When I found out he cheated on me I couldnt breathe. All those years of memories fell on me like two tons of bricks and I couldnt get up. I wanted so bad for him to say "i didnt do it. its not what you think. i love you. it was a mistake. we didnt go that far". but my gut knew better.
in the end... it was the best thing that ever happened to me. i now have the most wonderful husband in the world, the cutest and happiest dog , im in better shape, and a good education.
i know its hard now but focus on other things to improve the quality of your life. he wont change. its one things to get drunk at a party and a female freind takes it too far with your boyfreind. but what he did was pre-meditated. he was online talking to her, then he went out to meet her, then they hooked up, they had sex. who knows how long he was searching online before he scored her. how many girls has he tried this with?
go now. the last 5 years is a learning experience. you dont have to hate him. but get out now.
Thanks for your advice. He called me last fri, to go off on me about calling her. Before i knew it, I was yelling and screaming and calling him all kinds of names. My girlfriend and I went to his house to pick up whatever articles I had over his house. Now he's emailing and calling like nothing happend. My co-workers seem to think that he doesn't know what he did, that's why he's not trying very hard to make up w/me. which could be true, but for some reason i seem to think he had her on the phone when he called on fri.

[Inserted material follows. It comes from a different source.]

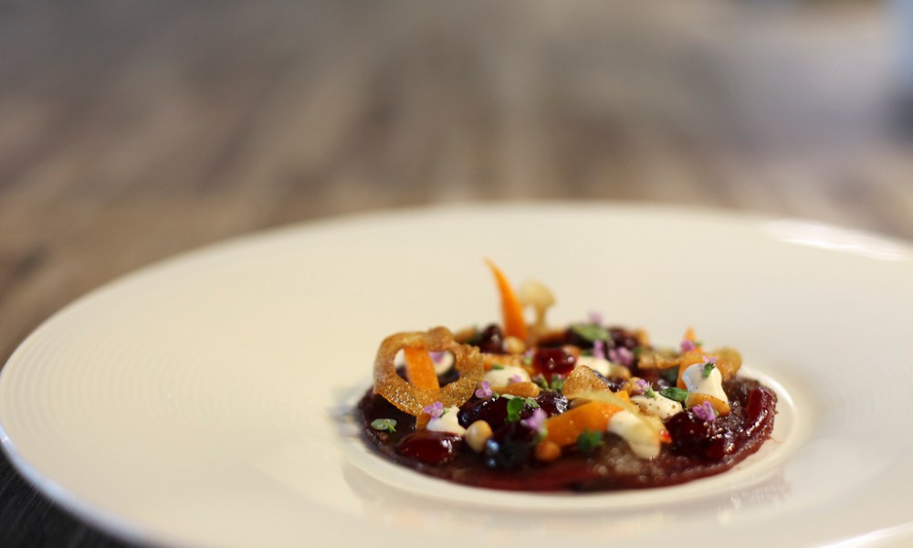 Carpaccio av lettrøkt reinsdyrplomme gulløyepotet og tyttebærvinaigrette

i'm so hurt b/c if he chose someone whose he just met over our relationship, what does that have to say about the bond we shared/supposedly shared.
i'm so sorry to bombarding you w/my problems, but youre the only that's responded that's been through something similiar.
no.
no no no no no.
Dont listen to your co-workers. "Maybe he doesnt know what he did"??? Are you kidding me?
off course he knew what he did otherwise he wouldnt have tried to hide it from you in the first place. And the reason he isnt trying so hard to win you back is because he knows what a stupid d*** he is and how much better you are, he will call you... email you, etc etc to make sure not a day goes by that you are not forced to think of him *just incase* you fall emotionally and decide you need him and go crawling back yourself, but if that plan doesnt work- he's still got the internet sloozy. His plans are reversable.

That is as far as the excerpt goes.